As an apprentice welder, many of the welds I had to make were on critical pipe joints, where there was perhaps 600-1200 pounds of steam pressure inside that line. Whenever I, not yet a journeyman welder, was assigned to a job in that kind of a high-pressure situation, my welds had to be inspected by a journeyman. I would make the weld, but the journeyman had to look at it. Frequently, I would make the weld and think I had done a pretty good job. The journeyman with all his experience would look at it and point out all the flaws in my weld. He could see from experience what my less-trained eyes and hands had failed to do.

In essence, this applies to our spiritual growth. Christians who are really growing in the grace and knowledge of Jesus Christ—being sanctified—begin to become distressed the more they learn and experience. They see their flesh lusting against the Spirit. They are being pulled in each direction.

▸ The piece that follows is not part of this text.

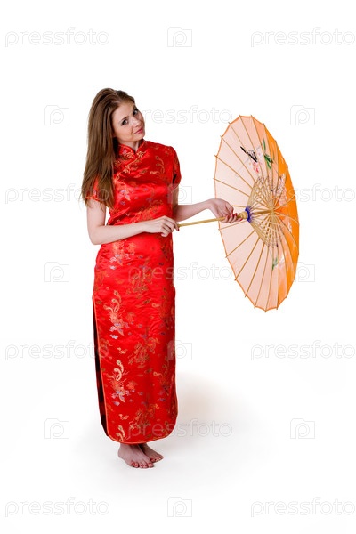 Женщина в красном платье с зонтиком

Many years before, they would not have even been aware of what was happening inside them. But they are beginning to become trained in the holiness of God, and it distresses them that they fall so far short.

John W. Ritenbaugh
The Covenants, Grace, and Law (Part Nine)

Revelation 3:17

Christ rebukes His church of Laodicea because its perception of reality—particularly about themselves—bears no resemblance to His own.

This spiritual blindness resembles the false expectations held by the people of Christ's time, with a notable exception: The members of His church have access to His Spirit—His mind, His heart, His perspective—and so should be free from much of the blindness that obstructs carnal man. They have the means to see more clearly. A more accurate lens is available to Christians, which is why He says, "[A]noint your eyes with eye salve, that you may see" (Revelation 3:18). Once God's Spirit has been given, the onus is on the individual to improve his own sight.

Today's church member may demonstrate this blindness in ways similar to the blind of Christ's time. It may come in the form of an unshakable belief that he alone has the whole counsel of God or is the primary focus of God's attention. It may show itself in a steady stream of criticism of the brethren—criticism that encompasses all but the self. It may manifest itself in a self-centeredness that assumes the spiritual high ground, believing that the rest of the church needs to rise to its level. All of these distortions spring from not seeing the self clearly—a result of not seeing God clearly.

The Bible gives two related principles regarding spiritual vision, particularly about being able to see God—and as we see God more clearly, our perception of all other spiritual matters will improve. First, Jesus tells us that the pure in heart—those without guile, pride, hypocrisy, envy, jealousy, competition, hidden anger, double-mindedness, or any other defilement of inward sin—will see God (Matthew 5:8). In the same vein, Hebrews 12:14 says that without holiness—God's consecration of us combined with our submission to His requirements for moral purity—one will not see God. Our spiritual vision will only be as good as our purity of mind and conduct. Any defilement will affect our spiritual sight, making it a never-ending challenge to see things as God sees them.

It is far easier to compile and rehearse the failings of others than it is to overcome in areas where we fall short of God's holiness. Seeing through the lens of unquestioned, untested, or unreliable expectations—about God, about prophecy, about our standing before Him, or the like—leaves us little better than those who failed to recognize their Creator when He came to them. Yet, applying ourselves to this purifying process will begin to allow us to see things from a perspective that approaches God's own.